## [REQUIRED WORK]
All that is wanted is the lines from the first line of the listing below through the line containing "Les caractéristiques physiques", written out exactly with pictures left out.

## [COLLECTED MATERIAL]
◇ ◇ ◇ ◇
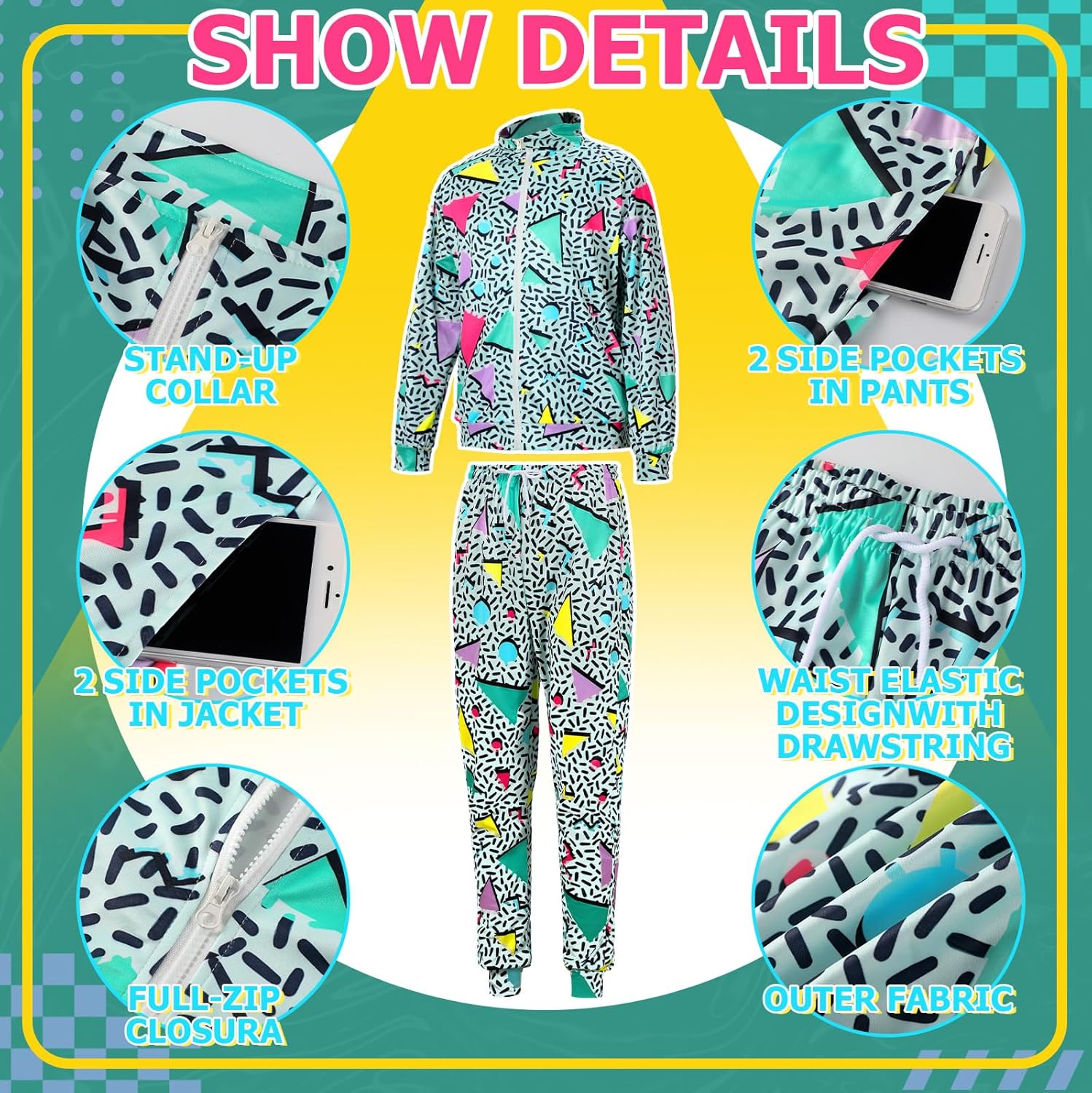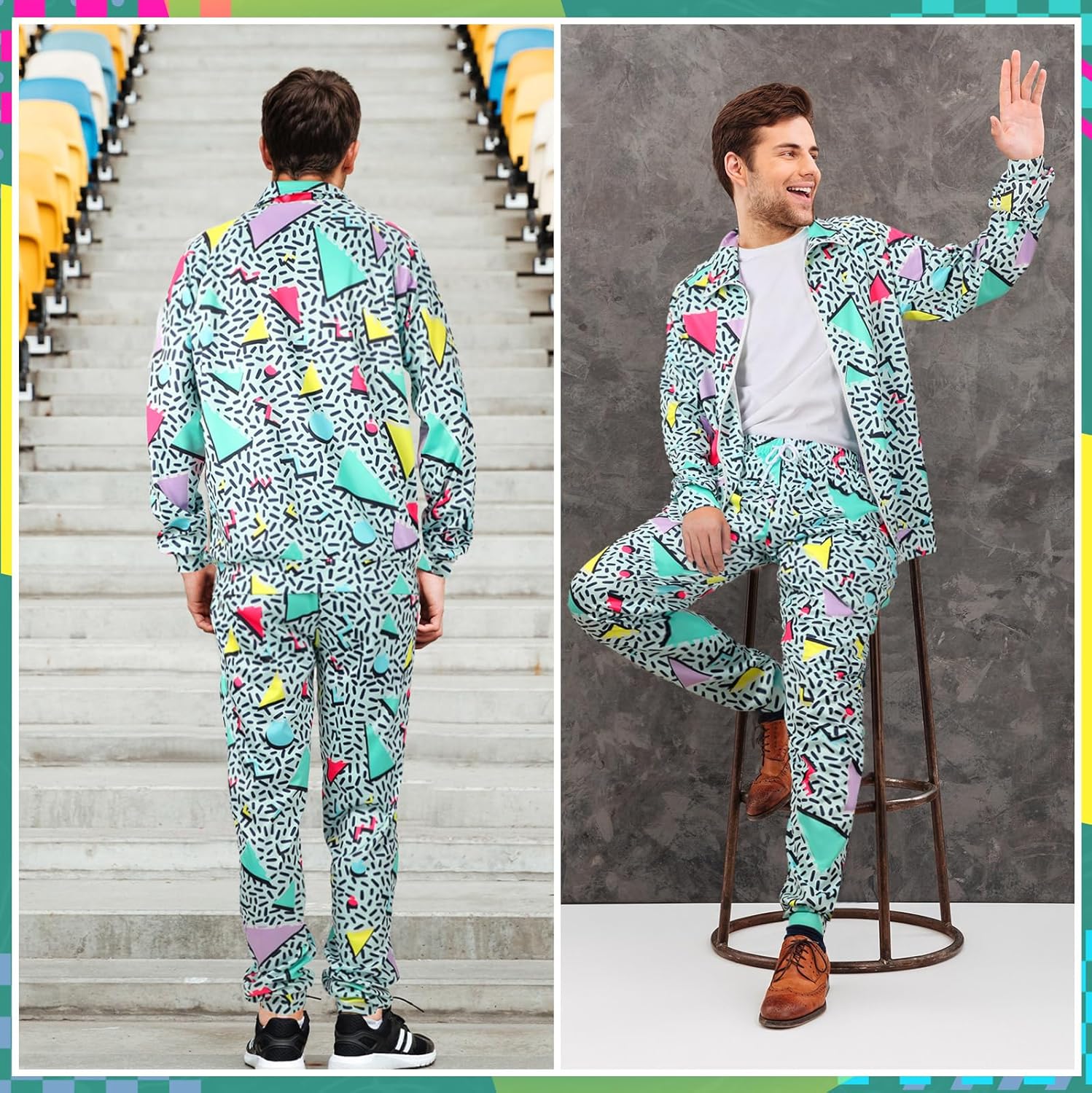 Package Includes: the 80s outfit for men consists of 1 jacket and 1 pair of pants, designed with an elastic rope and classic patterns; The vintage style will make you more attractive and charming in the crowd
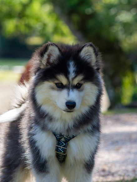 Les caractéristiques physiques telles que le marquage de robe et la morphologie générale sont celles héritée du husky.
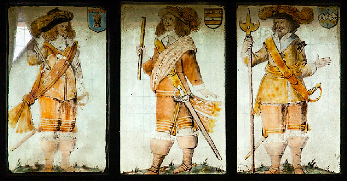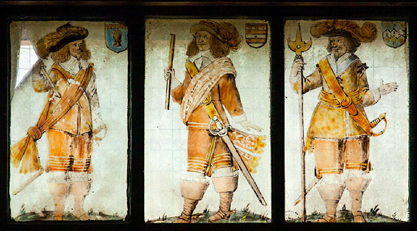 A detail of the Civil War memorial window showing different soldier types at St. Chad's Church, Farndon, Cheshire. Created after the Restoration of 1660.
◇ ◇ ◇ ◇
## [SOLUTION TO THIS EXERCISE]
 Package Includes: the 80s outfit for men consists of 1 jacket and 1 pair of pants, designed with an elastic rope and classic patterns; The vintage style will make you more attractive and charming in the crowd
 Les caractéristiques physiques telles que le marquage de robe et la morphologie générale sont celles héritée du husky.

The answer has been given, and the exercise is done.